The immunity would all be on a regulatory basis. The aquifer productivity because most of them are -- the terminology is not necessarily consistent, but their medium to deep aquifers. We have one shallow water producer, but the lion's share of our water comes from deep aquifers from recharges decades out. So it would be a regulatory constraint. But again, the government of Alberta is pretty sophisticated on their understanding of the water resources in the province. So I would say our level of immunity is very high. It would just become a situation where maybe there is extreme fire situations where they would lots -- various industrial sources of water or things like that, it would be very much an outlier. And of course, our flow back to our recycling initiatives are, I would say, that's a base piece of our business.

Operator

operator
#49

Our next question is a follow-up from Jerry McGahee an investor.

Unknown Attendee

attendee
#50

JP, this is because of some of the content of the Q&A, you had touched on, if AECO were to go negative, and that might have us shut in some production. And you then did mention Empress and all that. So I think that's part of the answer.

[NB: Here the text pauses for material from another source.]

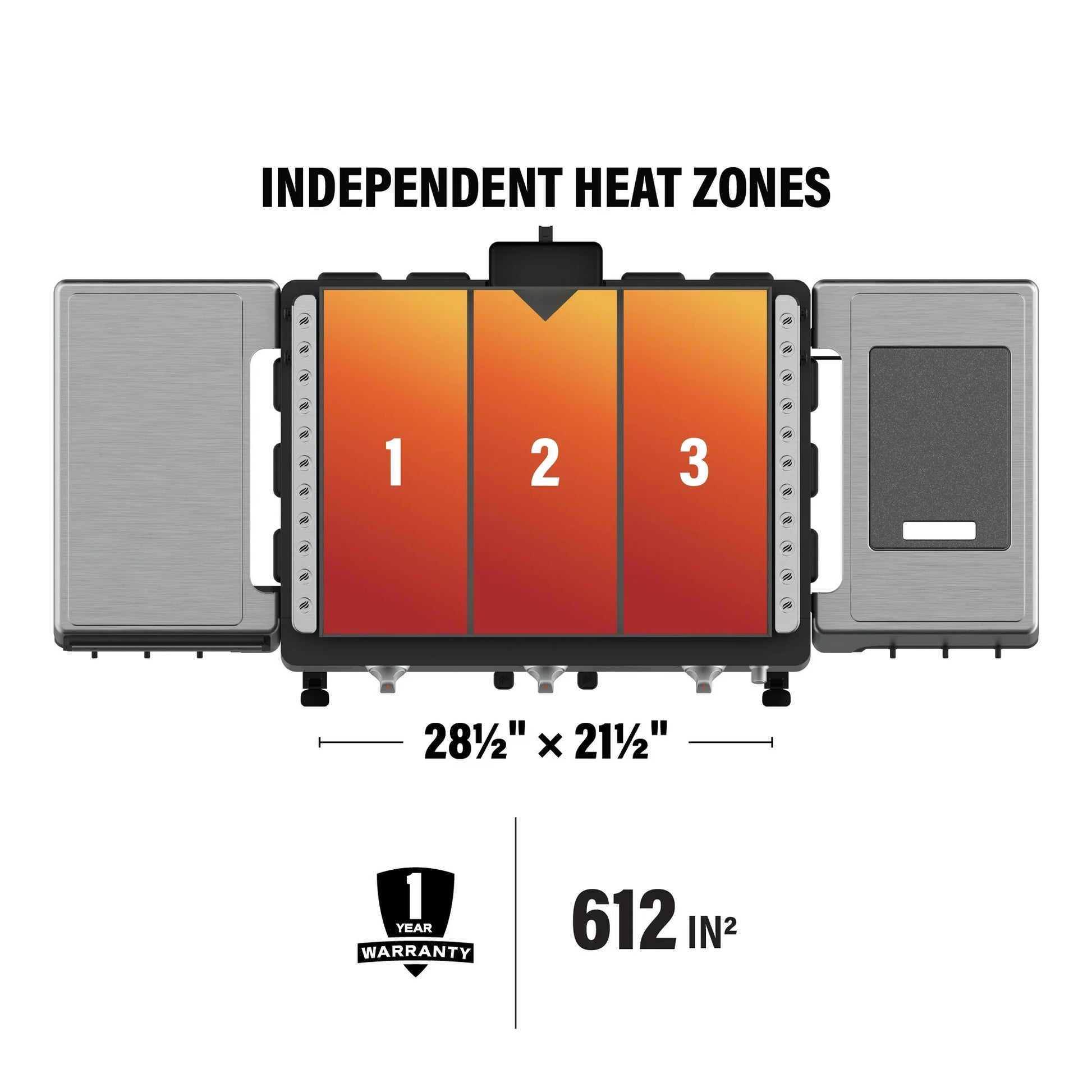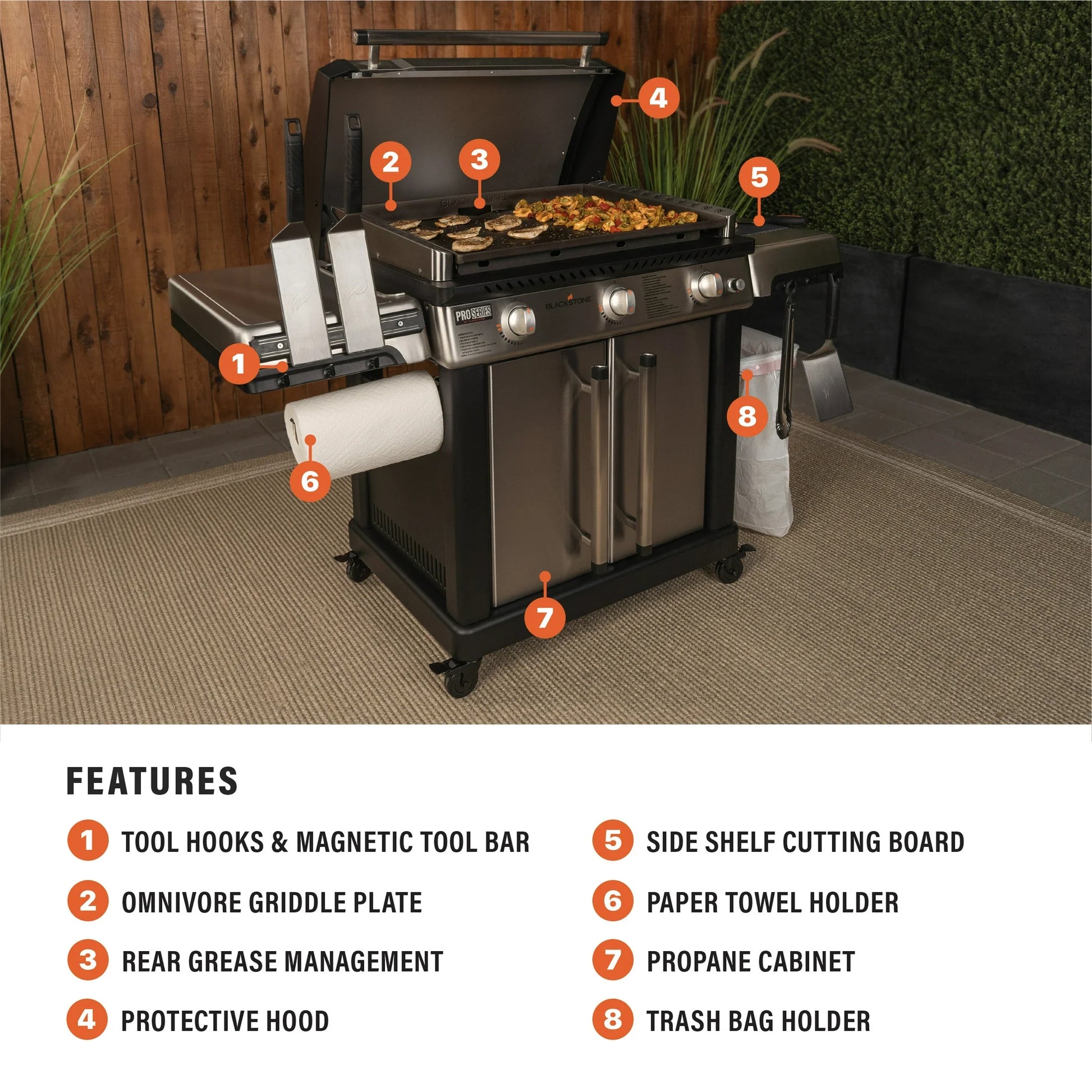 Blackstone ProSeries 3-Burner 28” XL Propane Griddle with Stainless Steel Cabinet and Hood The newly designed Omnivore griddle plate with built-in wind guards is designed for quick heating and heat maintenance across the griddle surface while preventing warping and using less propane Additional cooking space and burner compared to classic 28” griddles with 612 sq. in. cooking area and 3 independent heat control zones Tool hooks and magnetic tool bar to keep tools handy during cooking process Rear grease management system to prevent grease from dripping down the front of the griddle and making it easier to keep extra grease off cooking surface Protective hood to keep griddle top clean and safe Side shelf cutting board to make meal preparation smoother Folding side shelves to make it easier to store griddle Paper towel and trash bag holders to help keep things close for prep and cleanup Propane cabinet to hide propane tank while keeping it easily accessible 24,000 BTUs - The Omni griddle plate requires fewer BTUs to produce high heat, optimizing fuel efficiency
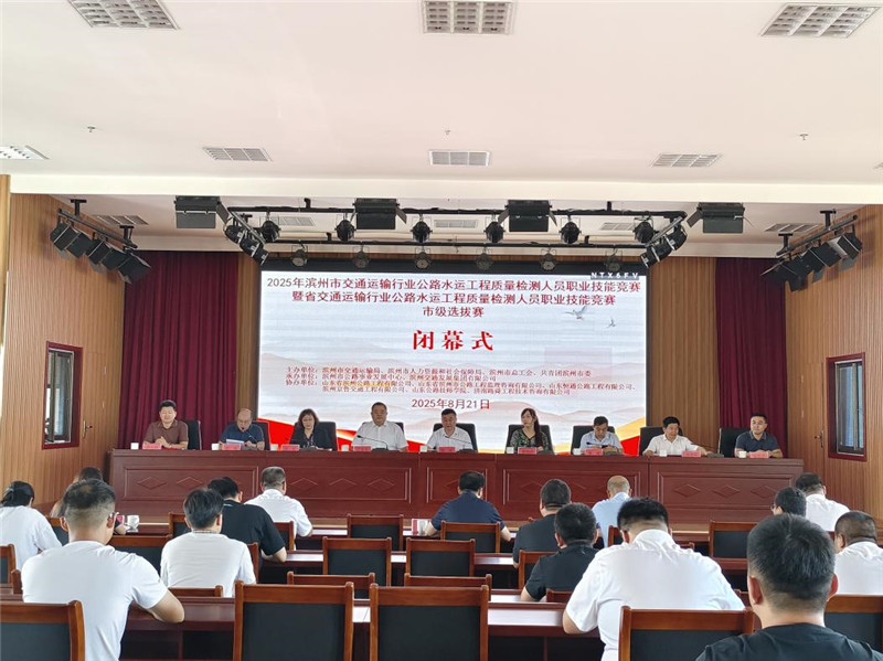 8月21日上午,2025年濱州市交通運(yùn)輸行業(yè)公路水運(yùn)工程質(zhì)量檢測人員職業(yè)技能競賽暨省交通運(yùn)輸行業(yè)公路水運(yùn)工程質(zhì)量檢測人員職業(yè)技能競賽市級(jí)選拔賽閉幕式在公司七樓會(huì)議室舉辦。市人力資源和社會(huì)保障局黨組副書記、市公共就業(yè)和人才服務(wù)中心主任顏波,共青團(tuán)濱州市委副書記丁寶冬,市交通運(yùn)輸局黨組成員、副局長曹斌,市交通運(yùn)輸局黨組成員、四級(jí)調(diào)研員鐘軍,公司黨委副書記、總經(jīng)理、董事劉漢興及市交通運(yùn)輸局、市總工會(huì)有關(guān)部門及公司權(quán)屬工程公司、監(jiān)理公司有關(guān)負(fù)責(zé)同志參加活動(dòng)。

But to my question but, I just would like you to elaborate a little bit, so I'll give you the question. I think that there's been considerable effort put in over the last few years to be prepared for particularly the volatility in pricing in AECO. And I think that we actually have a bit of a drag cost, which we offset. But in order to be prepared, in other words, built into our existing run rate is a certain optionality that costs money to maintain. So are not we extremely prepared for AECO volatility or weakness, specifically if it went negative or anything like that? So that -- I'll leave the question there because I think it's not well phrased, but I think you know what I'm asking.

Jean-Paul Lachance

executive
#51

Yes. So we obviously don't have exposure to AECO essentially. And -- we have, like you said, taken great care not to be exposed to AECO. Our -- all our gas is sold elsewhere. So to the extent that AECO goes negative, it's just an opportunity, right? We'll do shut in and take advantage of and save that gas. But for a future, that's the only reason we would do it, and it would be very, very short-term, I'd anticipate. So my comments around that -- we've done that in the past, right? We've shut in over a weekend. So the transportation costs we incur include a little bit of Empress -- extra Empress service that we have that about $0.19 GJ cost us to have that service. So it's a very cheap insurance to get us out of AECO should we have anything that's not diversified from the market. So that -- if prices are equal, were to drop significantly below or even go negative, we certainly have the opportunity then to either monetize the value of that and/or shut in or do whatever we want, but we are very flexible here. So we will do that. So I think the point of this is that we don't have really any exposure to AECO in a sense, but we might want to react to it to be and take advantage of it if it presents itself, right?

Operator

operator
#52

I'm showing no further questions at this time. I would now like to turn it back to JP Lachance.

Jean-Paul Lachance

executive
#53

Okay. Well, thanks, folks, for attending the conference call. We'll get back to you next quarter. Thank you very much.

Operator

operator
#54

Thank you. This concludes today's conference call. Thank you for participating. You may now disconnect.